Per Donna Haraway è un approdo naturale. La filosofa è l’autrice del celebre “Manifesto cyborg”, testo che la consacra come teorica del cyborgfemminismo: dove il cyborg, inteso come uomo e macchina insieme, permette di superare quelle coppie di concetti che hanno riguardato tutta la cultura occidentale, a partire da quello uomo\donna. In “Staying with the trouble, making kin in the chthulucene”, si spinge invece a immaginare un’epoca che può prendere il posto dell’Antropocene. Partendo dal presupposto che Antropocene è l’epoca in cui viviamo e i cui cambiamenti, per definizione, sono da attribuire agli esseri umani. “Un’epoca di urgenze multi specie”, scrive Haraway, “tra cui quella umana: un’epoca di grandi estinzioni e morti di massa, di disastri incessanti le cui imprevedibili specificità vengono stupidamente scambiate per l’inconoscibilità stessa; un’epoca in cui ci si rifiuta di conoscere e coltivare la propria responso-abilità in cui ci si rifiuta di essere presenti nella e alla catastrofe che avanza, in cui si tende a distogliere lo sguardo in un modo che non ha precedenti”. Una delle caratteristiche fondamentali dell’Antropocene secondo Haraway è che “introduce delle discontinuità drastiche; quello che verrà dopo non sarà come quello che è venuto prima”. E’ una condizione difficile da accettare e comprendere, ma che offre innumerevoli possibilità. E lo “Chtuhlucene”, da sym (insieme) e khthon (mondo sotterraneo), è quello che potrebbe venire dopo se gli esseri umani riescono a scendere dal loro piedistallo e imparano a pensarsi nel mondo. E’ una dimensione “che imbriglia una miriade di temporalità e spazialità diverse e una miriade di entità in assemblaggio”. “Per vivere e morire bene da creature mortali nello Chthulucene è necessario allearsi con le altre creature al fine di ricostruire luoghi di rifugio; solo così sarà possibile ottenere un recupero e una ricomposizione parziale e solida della Terra in termini biologici-culturali-politici-tecnologici”.

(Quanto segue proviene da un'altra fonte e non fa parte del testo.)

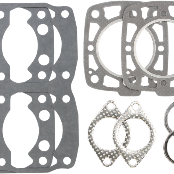 Caracteristicas: Top end gasket kits include correct base, head gasket and cylinder O-rings as well as other top end specific O-rings or seals needed for R&R of top end MLS head gaskets promote an even torque load across the gasket sealing surface, providing less bore distortion and better piston ring seal for more power 4-stroke head gaskets are made to perform on today’s highest-output 4-stroke naturally aspirated and boosted machines, utilizing a multi-layered steel design with the outer layers being embossed and coated with a Viton rubber coating; these head gaskets are designed to meet the demands of today's high-horsepower, high-cylinder-pressure engines EST (Extreme Sealing Technology) gasket kits include embossed stainless steel head, base and rocker gaskets covered with a proprietary rubber material Head gasket material allows heat to be drawn away from the combustion ring and dissipated evenly across the gasket surface to eliminate hot spots and gasket failure Made in the U.S.A.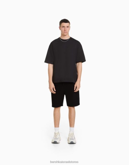 גברים מכנסי טרנינג ברמודה שָׁחוֹר 2L6JD3354 Bershka הַלבָּשָׁה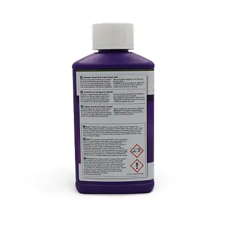 Sāciet ar 0,5 ml uz litru un pakāpeniski pielāgojiet. Viensmēr izmantojiet kalibrētu pH mērītāju. Precīzais daudzums atkarīgs no jūsu ūdens un mēslojumu daudzuma.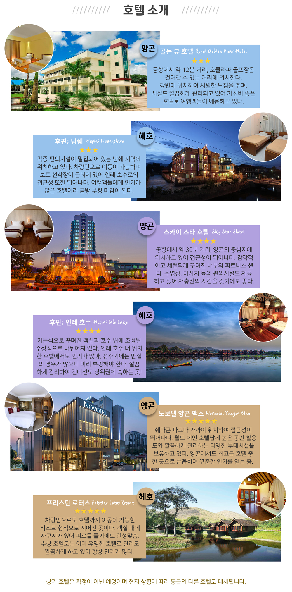 -미얀마는 아직 호텔시설이 미비한 편입니다. 따라서 현지사정상 부득이한 경우 다른 동급의 호텔로 변동될 수 있으며, 연박이 어려울 수 있습니다.

Lo slogan di questa nuova epoca e il principio intorno al quale tutto ruota è “generate parentele, non bambini”. “E’ tempo che le femministe”, continua Haraway, “prendano le redini dell’immaginazione, della teoria e dell’azione per sciogliere ogni vincolo tra genealogia e parentela, e tra parentela e specie”. Il richiamo è quanto di più umano si possa immaginare: “Generare parentele – making kin – ed esercitare la premura verso l’altro – making kind – (intesi come categoria, cura, parentele senza legami di sangue, parentele altre e molte altre ripercussioni) sono processi che ampliano l’immaginazione e possono cambiare la storia”. In questo modo, si immagina Haraway, gli esseri umani potranno sperare di tornare “a essere due o tre miliardi” e solo così, riducendo il numero di abitanti sulla terra e rafforzando le relazioni tra gli esseri che sopravvivono, sarà aumentato “il benessere di un’umanità diversificata”. Per noi, ancora bloccati nell’Antropocene, e con gli occhi pieni di “estinzioni di massa” è molto difficile da pensare. Ma Haraway va oltre: chiude il suo saggio con un racconto di come si immagina lei che potrebbero vivere le nuove comunità. La filosofa e scrittrice pensa a un mondo dove la natalità è una scelta collettiva che viene presa insieme proprio perché si conoscono le conseguenze alle quali potrà condurre. E’ possibile ad esempio, decidere di non procreare completamente e di coltivare un sentimento fondamentale: “l’amicizia”. Ogni nuovo nato, i cosiddetti “bambini del compost” può avere più di due genitori e insieme possono decidere di “modificare il corpo” e unirsi in modo “biologico” ad altre specie. Ad esempio, una delle nuove creature che racconta la Haraway, Camille 1, venne unita alla farfalla Monarca, una specie destinata all’estinzione. Va troppo oltre? La radicalità di Donna Haraway è la sua forza e, in sintesi, vuole solo dare un futuro a un mondo che così com’è non ce l’ha. “Dobbiamo unire le forze e condividere tutte le idee che ci vengono in mente per coltivare le epoche a venire in modo da ristabilire dei luoghi di rifugio”. O meglio, “pensare, pensare dobbiamo”.